The scenarios were layered, not run as one optimization. Scenario A held the current shift structure constant and measured the baseline weekly deficit (886 person-hours) — the diagnostic snapshot. Scenario B held headcount fixed and let the optimizer redesign the shift structure from scratch. Scenario C took the optimized structure and added hires incrementally to test diminishing returns. Each scenario answered a different question for leadership: what is broken now, what can be fixed at zero cost, and what the next dollar of investment buys.

LLM-assisted development compressed the formulation, validation, and iteration cycle from a quarter to weeks. The mathematical formulation, constraint definition, scenario design, sensitivity analysis, and result interpretation were mine; the syntax was generated under direction. The model converged in under two minutes per scenario at a 1% MIP gap — that speed was what enabled the layered design. Without it I would have run two scenarios, not five.

Signature visual — side-by-side A/B deficit heatmaps. Pending production.

Same workforce. Different hours.


The Result

In Scenario B, the weekly staffing deficit drops by 53% — from 886 person-hours to 414 — using the same headcount. The mechanism is straightforward: the optimized structure has two start times (4 AM and 4 PM), seven shift groups, and off-day pairs staggered across the week to align labor supply with the rebuilt demand curve. Under the new structure, weekly hours per associate drop from 72 to 60, with an additional day off.

Scenario C tests the next lever: layering 10 additional hires on top of the restructured shifts. The deficit drops a further 25 percentage points, from 414 to 156 person-hours — a 78% total reduction against the baseline. Returns diminish steeply after that: the next 10 hires save 114 person-hours, the 10 after that save 42.

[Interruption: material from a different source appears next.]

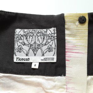 Very good pre-owned condition. Floreat Anthropologie Scythed Lawns Ruffled Skirt. Size 8. 100% cotton. Dry clean. Waist and ruffle are black. Skirt is cream with pink and yellow-green detail. Ruffle is stitched down so it will remain crisp. Fully lined. Zipper, hook, and button closure. Back slit still has basting stitch to remove before wearing.

The model also predicted that hiring without restructuring would not materially move overtime, because the binding constraint was timing, not headcount. In the months following the analysis, the site hired 10+ associates without implementing the restructure. Site overtime remains at 28.4% — against a 10% organizational goal, and within the band of weekly variation observed before the analysis. The analysis sits with leadership; implementation of the restructure remains a decision.


The Reflection

The conventional answer almost always comes from the most-measured variable. The leverage almost always lives in the least-measured one.

At Belvidere, headcount was the most-measured variable — tracked daily, posted on the wall, escalated weekly. Shift architecture was the least-measured. Nobody on site had a number for how badly the structure misaligned with demand, because nobody had ever framed shift design as something measurable. Once the misalignment became a number, the conversation shifted from “we need people” to “we need different hours.”

Every diagnostic I’ve run since Belvidere starts the same way: which variable is everyone already counting, and which one is in the answer but nobody has put a number on yet? In cold storage, in cross-dock operations, in most warehouse work, the binding constraint hides in whichever metric isn’t on the dashboard.